### ACTIVITY
Below are entries to be transcribed exactly; exclude the pictures from the copy.

[AVAILABLE DATA Boundary: Start]

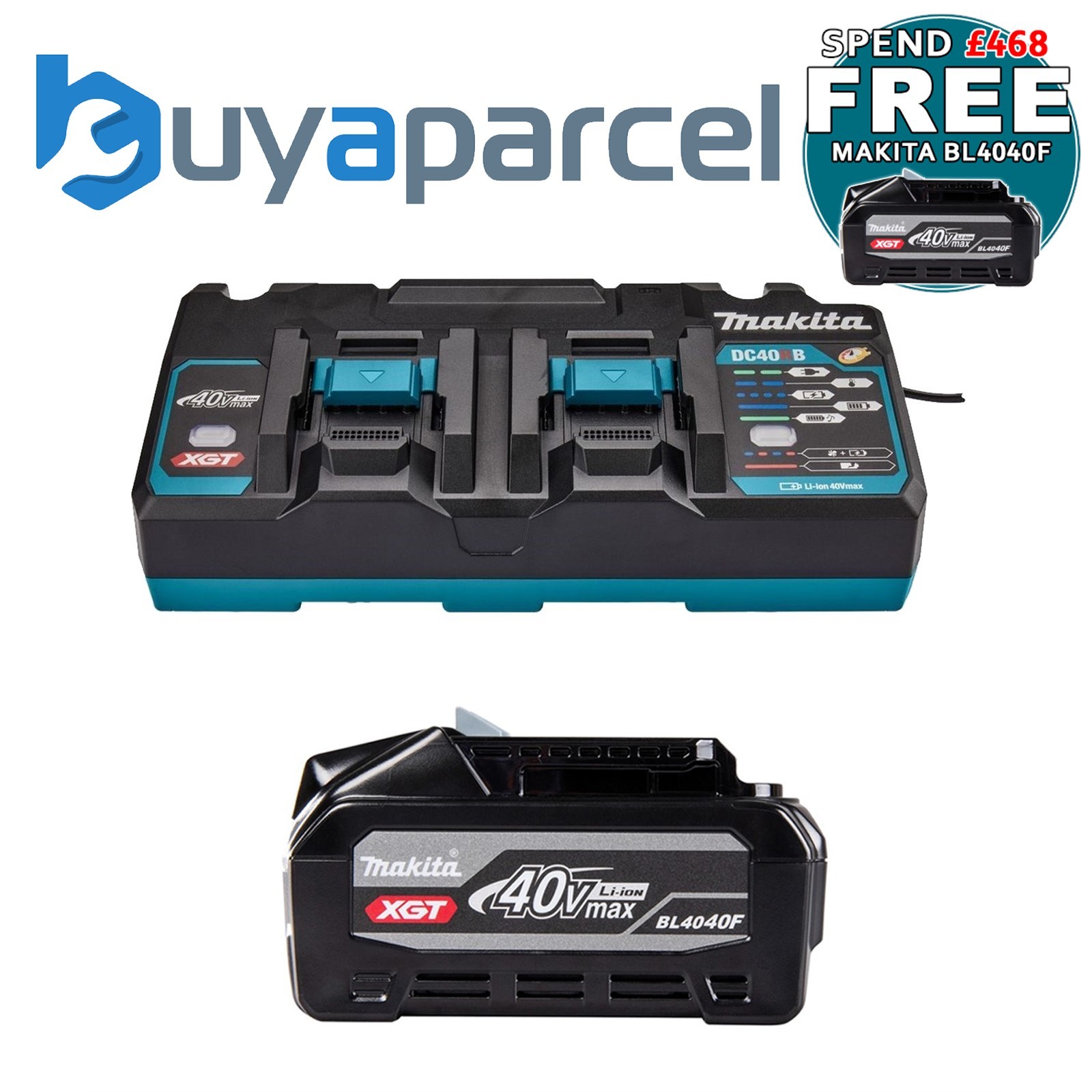 Makita BL4040F 40V Max 4Ah Li-ion XGT Battery + DC40RB 40V Twin Fast Charger
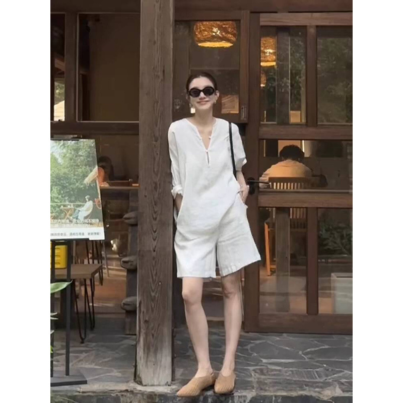 オールドマネースタイルの女性用白い綿とリネンのスーツ、夏休みの服装、カジュアルでリラックスした日焼け止めシャツとショーツの2点セット
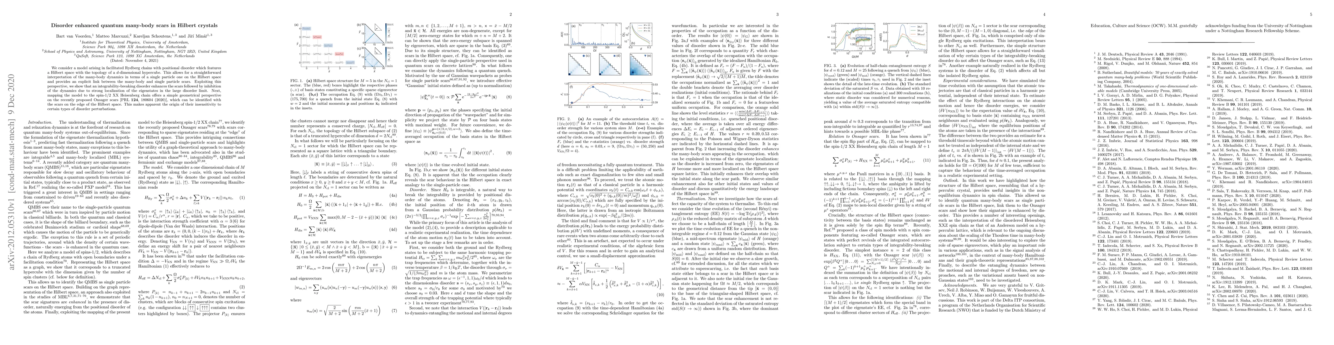We consider a model arising in facilitated Rydberg chains with positional disorder which features a Hilbert space with the topology of a $d$-dimensional hypercube. This allows for a straightforward interpretation of the many-body dynamics in terms of a single particle one on the Hilbert space and provides an explicit link between the many-body and single particle scars. Exploiting this perspective, we show that an integrability-breaking disorder enhances the scars followed by inhibition of the dynamics due to strong localization of the eigenstates in the large disorder limit. Next, mapping the model to the spin-1/2 XX Heisenberg chain offers a simple geometrical perspective on the recently proposed Onsager scars [PRL ${\bf 124}$, 180604 (2020)], which can be identified with the scars on the edge of the Hilbert space. This makes apparent the origin of their insensitivity to certain types of disorder perturbations.
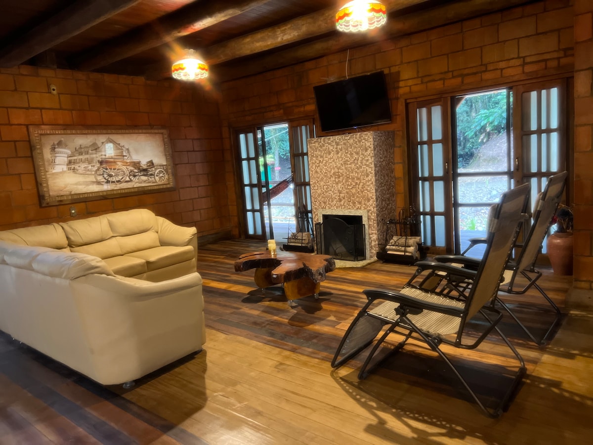Relaxe com toda a família nesta acomodação tranquila. Um lugar em meio a natureza onde você ouve o canto dos pássaros nas arvores em volta da pousada. Aqui você encontra diversos tipos de frutas como: Uva, acerola, tangerina, banana, laranjas, pera... Na parte interna você encontra uma ampla cozinha com churrasqueira, fogão, geladeira, pia e louças em geral. Banheiro e chuveiro privativo, um quarto climatizado com 1 cama de casal e 2 de solteiro.
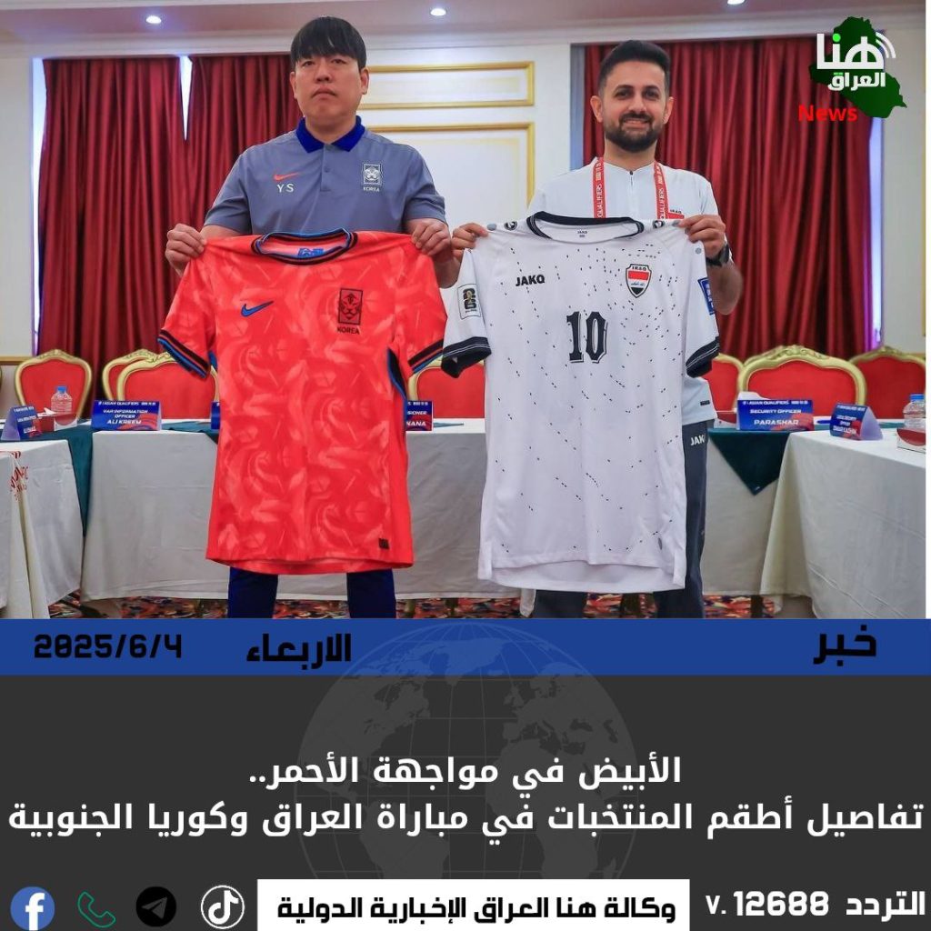 أعلن الاتحاد العراقي لكرة القدم أن منتخب العراق سيرتدي الزي الأبيض الكامل في مباراته المرتقبة أمام منتخب كوريا الجنوبية، بينما سيرتدي حارس المرمى العراقي الزي الأصفر.

[AVAILABLE DATA Boundary: End]

### RESPONSE TO THE EXERCISE
 Makita BL4040F 40V Max 4Ah Li-ion XGT Battery + DC40RB 40V Twin Fast Charger
 オールドマネースタイルの女性用白い綿とリネンのスーツ、夏休みの服装、カジュアルでリラックスした日焼け止めシャツとショーツの2点セット
We consider a model arising in facilitated Rydberg chains with positional disorder which features a Hilbert space with the topology of a $d$-dimensional hypercube. This allows for a straightforward interpretation of the many-body dynamics in terms of a single particle one on the Hilbert space and provides an explicit link between the many-body and single particle scars. Exploiting this perspective, we show that an integrability-breaking disorder enhances the scars followed by inhibition of the dynamics due to strong localization of the eigenstates in the large disorder limit. Next, mapping the model to the spin-1/2 XX Heisenberg chain offers a simple geometrical perspective on the recently proposed Onsager scars [PRL ${\bf 124}$, 180604 (2020)], which can be identified with the scars on the edge of the Hilbert space. This makes apparent the origin of their insensitivity to certain types of disorder perturbations.
Relaxe com toda a família nesta acomodação tranquila. Um lugar em meio a natureza onde você ouve o canto dos pássaros nas arvores em volta da pousada. Aqui você encontra diversos tipos de frutas como: Uva, acerola, tangerina, banana, laranjas, pera... Na parte interna você encontra uma ampla cozinha com churrasqueira, fogão, geladeira, pia e louças em geral. Banheiro e chuveiro privativo, um quarto climatizado com 1 cama de casal e 2 de solteiro.
 أعلن الاتحاد العراقي لكرة القدم أن منتخب العراق سيرتدي الزي الأبيض الكامل في مباراته المرتقبة أمام منتخب كوريا الجنوبية، بينما سيرتدي حارس المرمى العراقي الزي الأصفر.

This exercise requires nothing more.